(Records from a data collection)
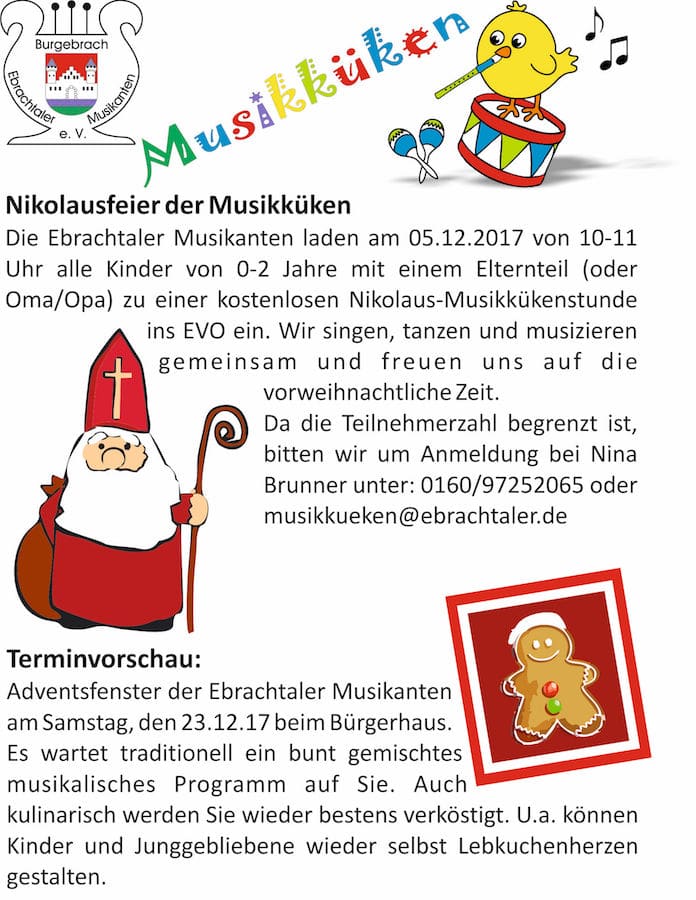 Die Ebrachtaler Musikanten laden am 05.12.2017 von 10-11 Uhr alle Kinder von 0-2 Jahre mit einem Elternteil (oder Oma/Opa) zu einer kostenlosen Nikolaus-Musikkükenstunde ins EVO ein.
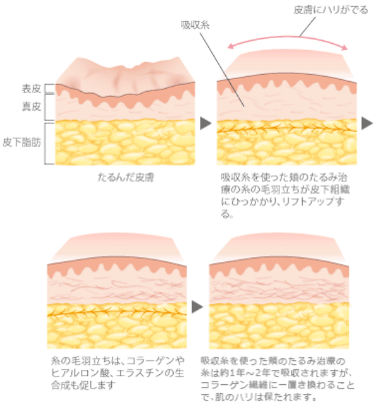 イタリアンリフトの糸は、挿入してから8~10ヶ月くらいで溶けて、溶けた部位に自己コラーゲン繊維が形成されます。
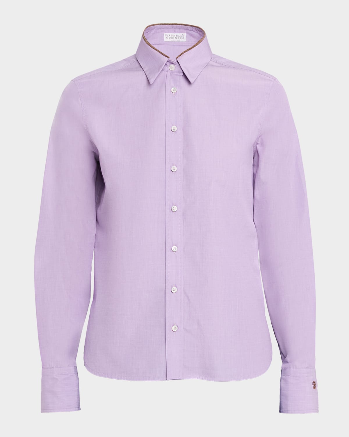 Brunello Cucinelli shirt crafted of cotton chambray features a signature monili embellished collar and a crest embroidered cuff Point collar; button front Long sleeves; button cuffs Yoked back; box pleat Relaxed fit Shirttail hem Cotton Made in Italy
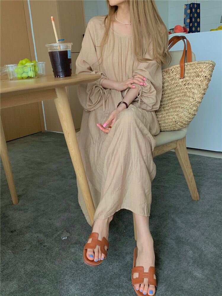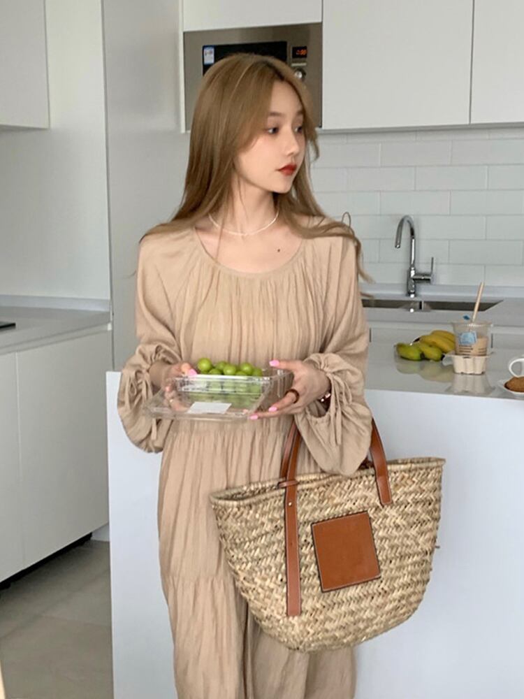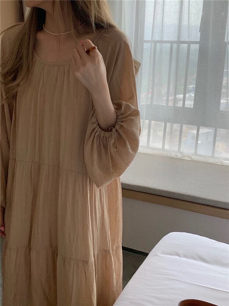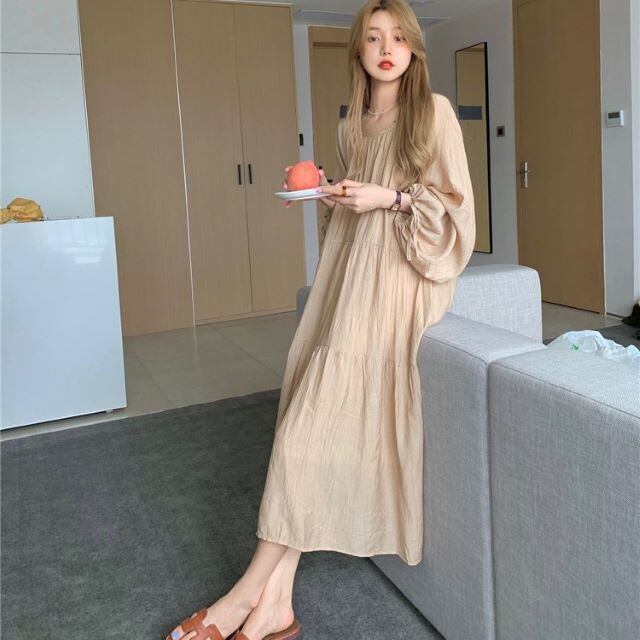 《入荷待ち》ワンピース ボリューム袖 ティアード ミディ丈 ミモレ丈 ラウンドネック 無地 長袖 ゆったり 体型カバー フェミニン きれいめ ナチュラル デート お出かけ ショッピング 春 夏 秋 キレナチュ
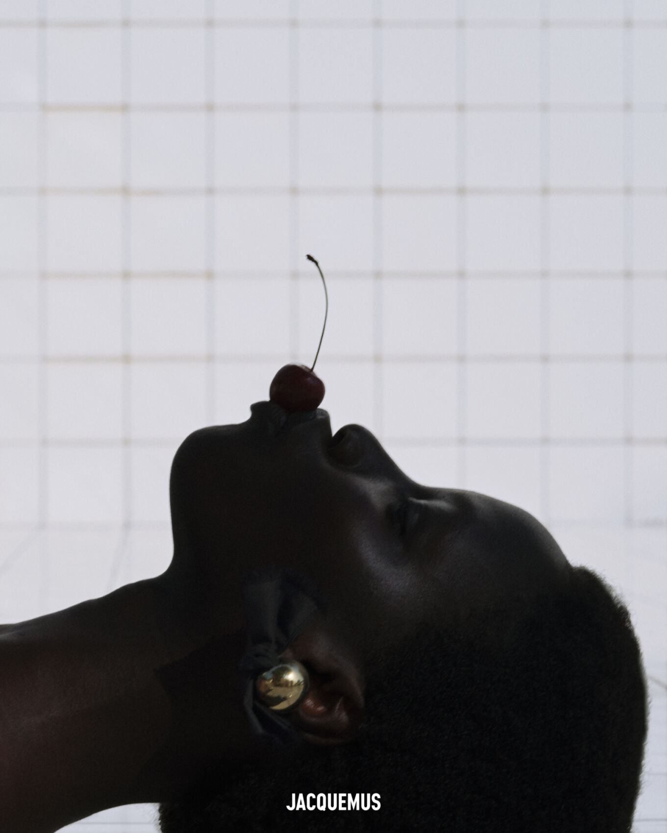 A silhouette of a person's profile is seen against a softly lit grid background. The individual holds a cherry delicately between their lips, its thin stem curving elegantly. Light reflects subtly off the large, shiny earring they wear. The contrast between the dark contour and the bright backdrop creates a striking and artistic composition.
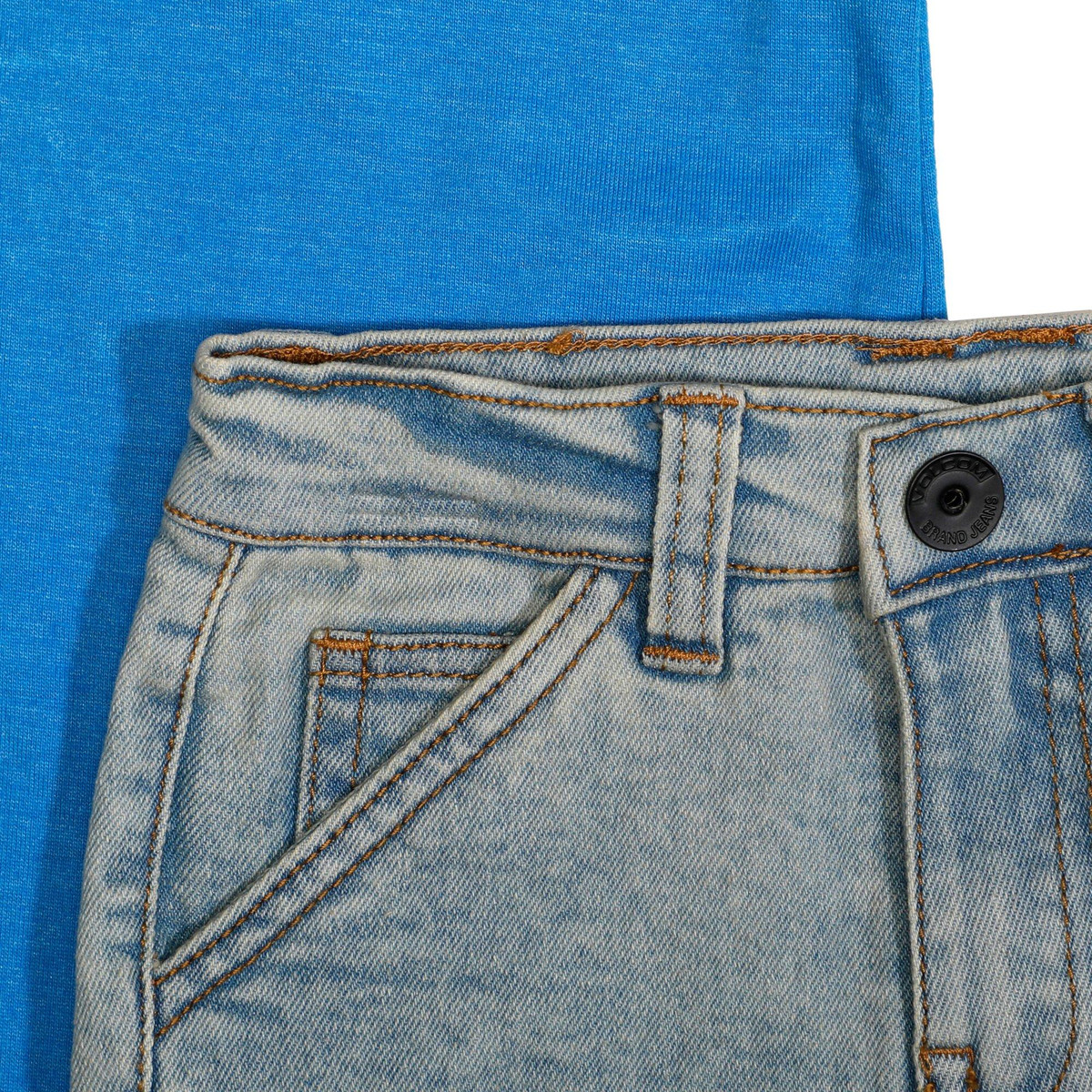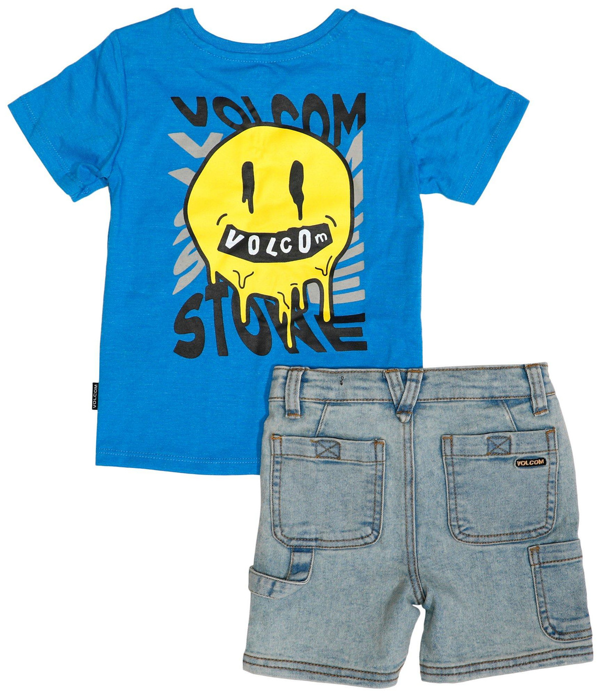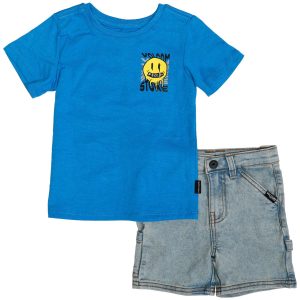 This Volcom two piece set combines casual style with everyday comfort. The blue crew neck t shirt features a classic fit with a playful smiley face on the back for a fun touch. Paired with denim shorts designed with five pockets including a coin pocket and utility pocket this set offers both function and fashion. Perfect for active days and laid back outings it keeps little ones looking cool and feeling great all day long.
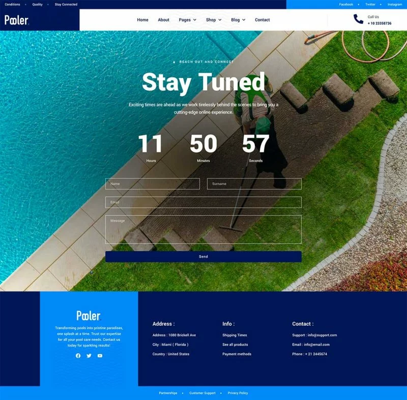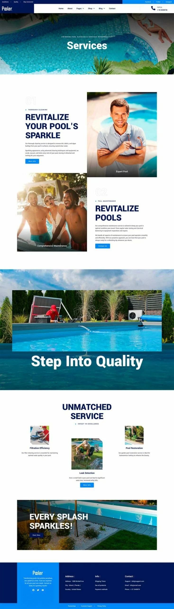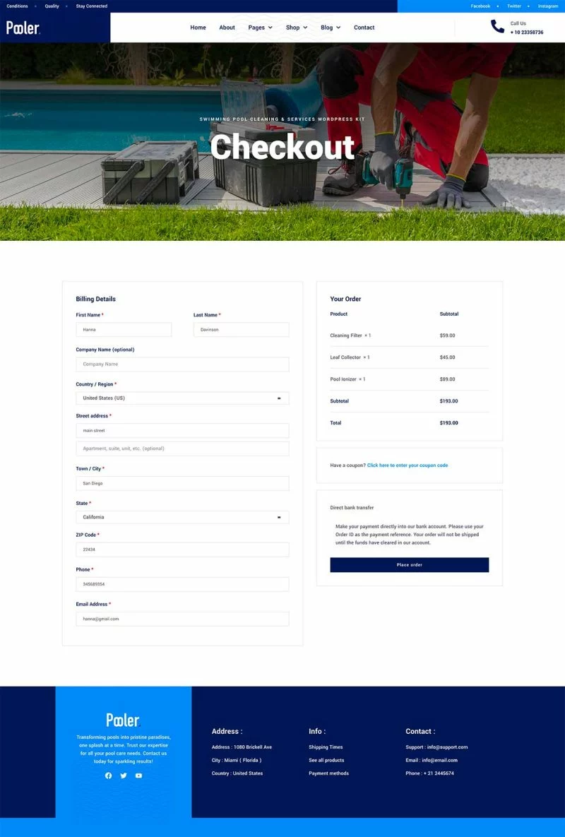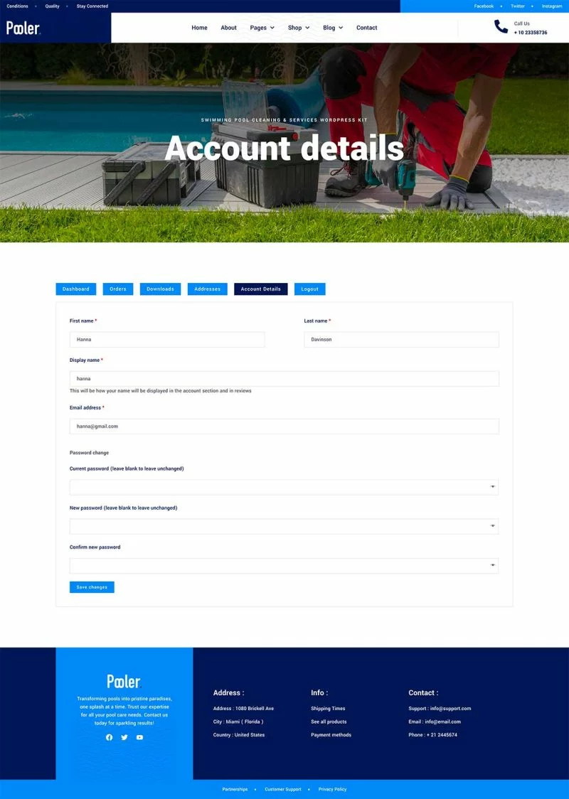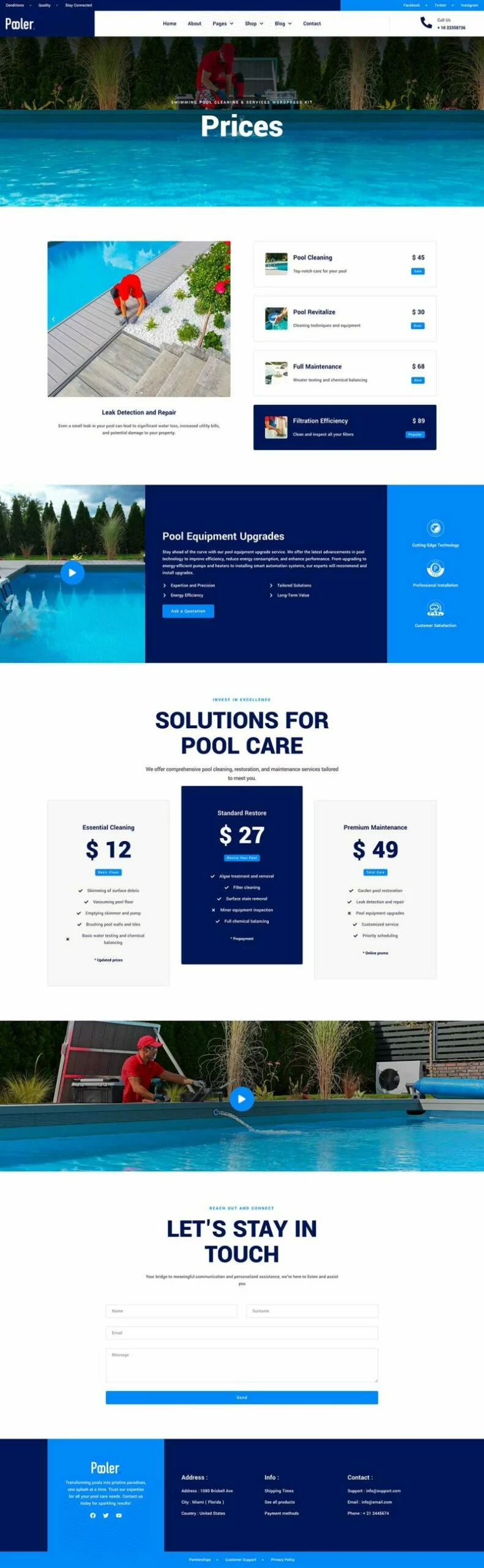 کیت قالب المنتور خدمات تمیزکاری استخر Pooler با طراحی مدرن و قابلیتهای سفارشیسازی پیشرفته، این قالب به شما کمک میکند تا بدون نیاز به دانش کدنویسی، یک وبسایت با عملکرد بالا و ظاهری جذاب ایجاد کنید. از قالبهای متنوع آن میتوان برای ایجاد صفحات مختلف استفاده کرد و با استفاده از Elementor Pro میتوان امکانات بیشتری را به وبسایت اضافه کرد.
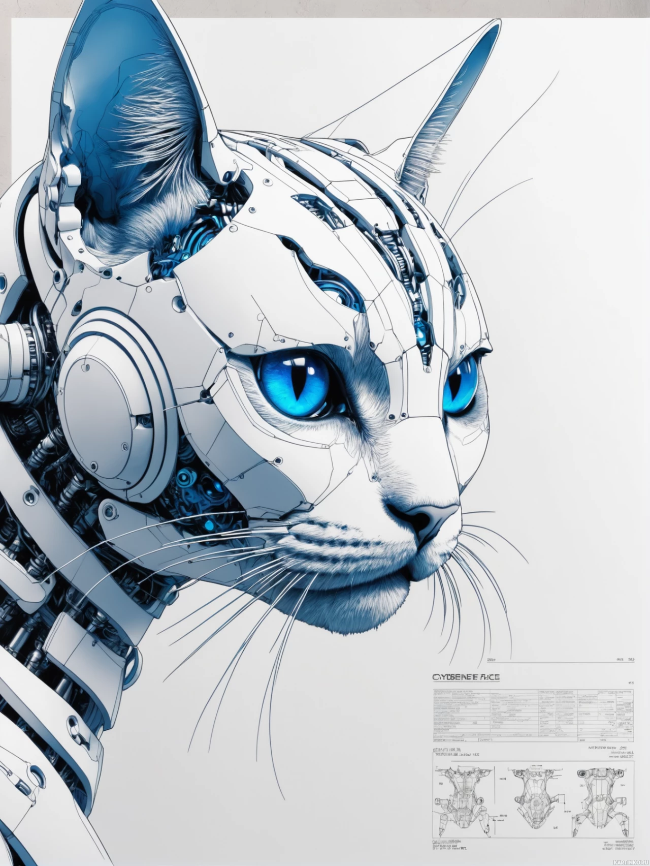 feline eyes. The artwork is likely intended to evoke a sense of the future of technology intertwining with living creatures, raising questions about ethics, identity, and the boundaries between organic and inorganic

Aim of the task: Output an exact copy of the lines from the one with "کیت قالب المنتور" through the closing line of the records, inclusive, without any images.

Answer to this exercise:
 کیت قالب المنتور خدمات تمیزکاری استخر Pooler با طراحی مدرن و قابلیتهای سفارشیسازی پیشرفته، این قالب به شما کمک میکند تا بدون نیاز به دانش کدنویسی، یک وبسایت با عملکرد بالا و ظاهری جذاب ایجاد کنید. از قالبهای متنوع آن میتوان برای ایجاد صفحات مختلف استفاده کرد و با استفاده از Elementor Pro میتوان امکانات بیشتری را به وبسایت اضافه کرد.
 feline eyes. The artwork is likely intended to evoke a sense of the future of technology intertwining with living creatures, raising questions about ethics, identity, and the boundaries between organic and inorganic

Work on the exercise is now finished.